GATE ("General Architecture for Text Engineering") is a system written in Java that provides rich and robust text processing capabilities.

The gated service is a Java process that provides client access to a single GATE instance running in a single Java VM ("JVM").

NOTE: The gated service provides access to a single GATE instance on a single JVM. The gated service has no representation for a "user". It does not support parallel operations. The "GATE Developer" and "GATE Cloud" products from the University of Sheffield are more appropriate for team and parallel use.

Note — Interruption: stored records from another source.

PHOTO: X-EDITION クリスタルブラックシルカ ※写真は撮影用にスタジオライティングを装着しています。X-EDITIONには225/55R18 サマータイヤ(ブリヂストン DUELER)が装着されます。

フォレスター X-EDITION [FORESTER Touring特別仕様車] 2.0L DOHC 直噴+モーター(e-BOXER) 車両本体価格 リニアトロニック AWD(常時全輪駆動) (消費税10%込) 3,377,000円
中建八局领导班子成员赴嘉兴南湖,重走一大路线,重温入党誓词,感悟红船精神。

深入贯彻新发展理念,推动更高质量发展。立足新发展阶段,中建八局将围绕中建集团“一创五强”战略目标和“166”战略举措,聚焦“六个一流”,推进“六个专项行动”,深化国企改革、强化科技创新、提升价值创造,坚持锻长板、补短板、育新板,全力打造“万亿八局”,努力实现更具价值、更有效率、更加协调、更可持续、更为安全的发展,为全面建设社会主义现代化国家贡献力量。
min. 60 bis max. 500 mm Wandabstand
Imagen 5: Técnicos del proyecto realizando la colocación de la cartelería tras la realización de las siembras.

The gated service has been exercised with clients written in Python and NodeJS, as well as command-line clients that use wget like described in this document.

System Architecture and Components

The components described here assume an Amazon Web Services ("AWS") EC2 instance running a current version of Rocky Linux.

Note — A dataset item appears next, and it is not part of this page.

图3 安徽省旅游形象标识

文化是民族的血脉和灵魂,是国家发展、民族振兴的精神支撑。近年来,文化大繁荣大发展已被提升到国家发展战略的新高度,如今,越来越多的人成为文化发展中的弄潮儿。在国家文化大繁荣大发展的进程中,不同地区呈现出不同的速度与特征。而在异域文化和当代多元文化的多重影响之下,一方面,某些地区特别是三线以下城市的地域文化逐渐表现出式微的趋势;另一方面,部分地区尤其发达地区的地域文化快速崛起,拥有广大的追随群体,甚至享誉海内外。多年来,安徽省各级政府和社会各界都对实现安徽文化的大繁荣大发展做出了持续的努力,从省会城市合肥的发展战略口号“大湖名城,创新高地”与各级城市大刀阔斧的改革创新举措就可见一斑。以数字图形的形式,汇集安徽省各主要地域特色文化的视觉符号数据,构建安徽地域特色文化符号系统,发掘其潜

Lifecycle of a typical gated session

A client interaction with gated has three distinct phases:

  1. Setup
  2. Use
  3. Cleanup

These occur in a single "session".

NOTE: The gated service provides no representation or behavior for a session. Each client of gated must manage their own session behavior.

During the "Setup" phase, a client loads one or more plugin instances.

During the "Use" phase, the client creates or loads needed resources and then performs operations on those resources.

During the "Cleanup" phase, the client invokes housekeeping endpoints that free resources in the backend and that reset the state of the gate service to discard any cached entities.

Each endpoint used during "Setup" and "Cleanup" is idempotent. It is therefore good practice to call the "Cleanup" endpoints during "Setup" to handle the unlikely event that any of gate, gated, or GATE were not properly cleaned up at the end of a prior session.

GATE (core) Resources

This section describes the GATE core resources supported and used by the gate service.

Corpus

A "Corpus" is a CREOLE resource that aggregates one or more instances of "Document" for use by a "Pipeline"

Document

A "Document" is a CREOLE resource that provides access to a specific text document.

Pipeline

A gate "Pipeline" is a "SerialAnalyserController" in GATE.

From the GATE documentation:

A [Pipeline] opens each document in the corpus in turn, sets that document as a runtime parameter on each PR, runs all the PRs on the corpus, then closes the document.

Plugin

A "Plugin" is:

a directory or JAR file containing an XML configuration file called creole.xml at its root

The gate service assumes the use of the ANNIE plugin.

ProcessingResource

A "ProcessingResource" is a CREOLE resource associated with a Plugin that provides specific behavior determined by run-time parameters defined for that ProcessingResource.

gated Resources

This section enumerates and briefly describes the Java classes that comprise the gated system service.

GateServer

The GateServer class directs the validation, dispatch, and response for each https interaction.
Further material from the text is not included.